Member of the National Assembly of Pakistan
- In office 13 August 2018 – 10 August 2023
- Constituency: Reserved seat for women
- In office 1 June 2013 – 31 May 2018
- Constituency: Reserved seat for women
- In office 17 March 2008 – 16 March 2013
- Constituency: Reserved seat for women

Personal details
- Born: January 13, 1956 (age 70) Dera Ghazi Khan District, Punjab Pakistan
- Party: PMLN (2002-present)

= Shahnaz Saleem Malik =

Pakistani politician

Shahnaz Salim Malik is a Pakistani politician who has thrice been a member of the National Assembly of Pakistan, from August 2018 to August 2023 and previously from 2008 to May 2018.

==Early life and education==
She was born on 13 January 1956 in Dera Ghazi Khan.

She did Master of Arts in 1983 and also has a degree of Bachelor of Arts.
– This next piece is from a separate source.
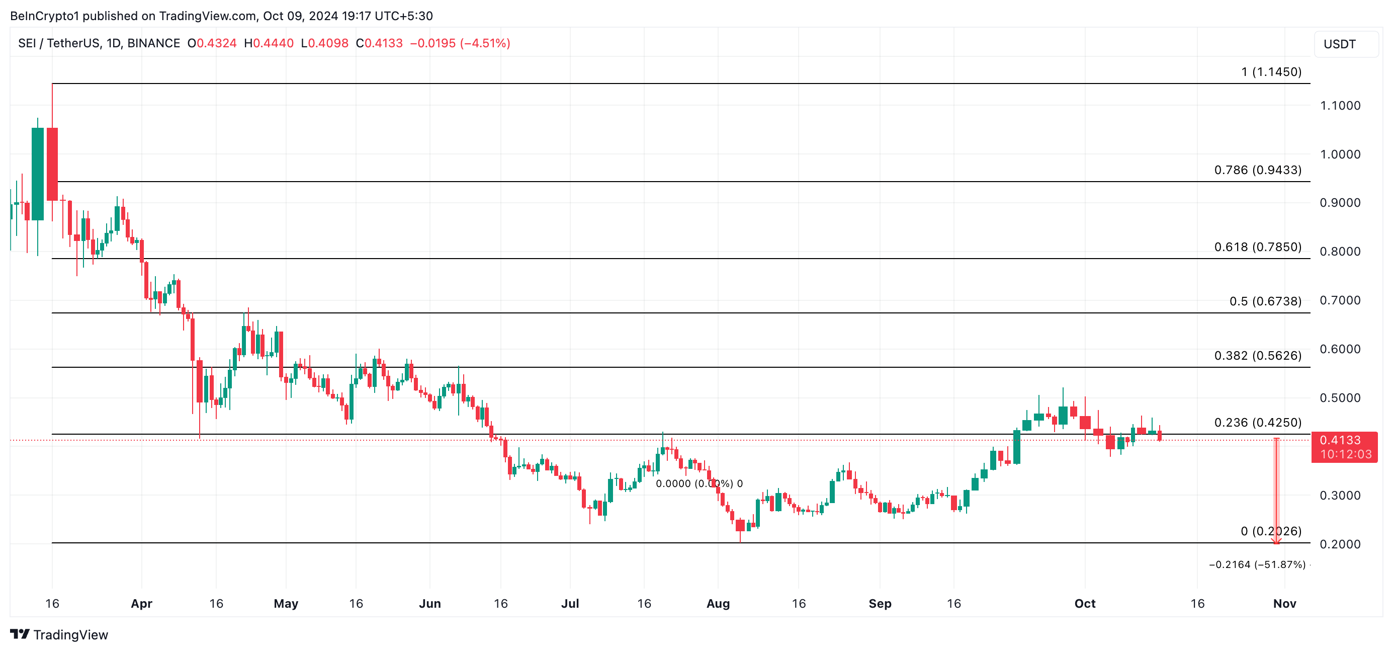 Lezingen van SEI’s Fibonacci Retracement-tool suggereren dat als de neerwaartse trend aanhoudt, het volgende koersdoel de jaarlijkse low van 5 augustus is, op $0,20. Dit vertegenwoordigt een daling van 52% ten opzichte van de huidige waarde.

She did Bachelor of Laws in 1994 from Bahauddin Zakariya University and was a practicing lawyer.

==Political career==
She was elected to the Provincial Assembly of the Punjab as a candidate of Pakistan Muslim League (N) (PML-N) on a seat reserved for women in the 2002 Pakistani general election.

She was elected to the National Assembly of Pakistan as a candidate of PML-N on a seat reserved for women from Punjab in the 2008 Pakistani general election.

She was re-elected to the National Assembly as a candidate of PML-N on a reserved seat for women from Punjab in the 2013 Pakistani general election.

She was re-elected to the National Assembly as a candidate of PML-N on a seat reserved for women from Punjab in the 2018 Pakistani general election.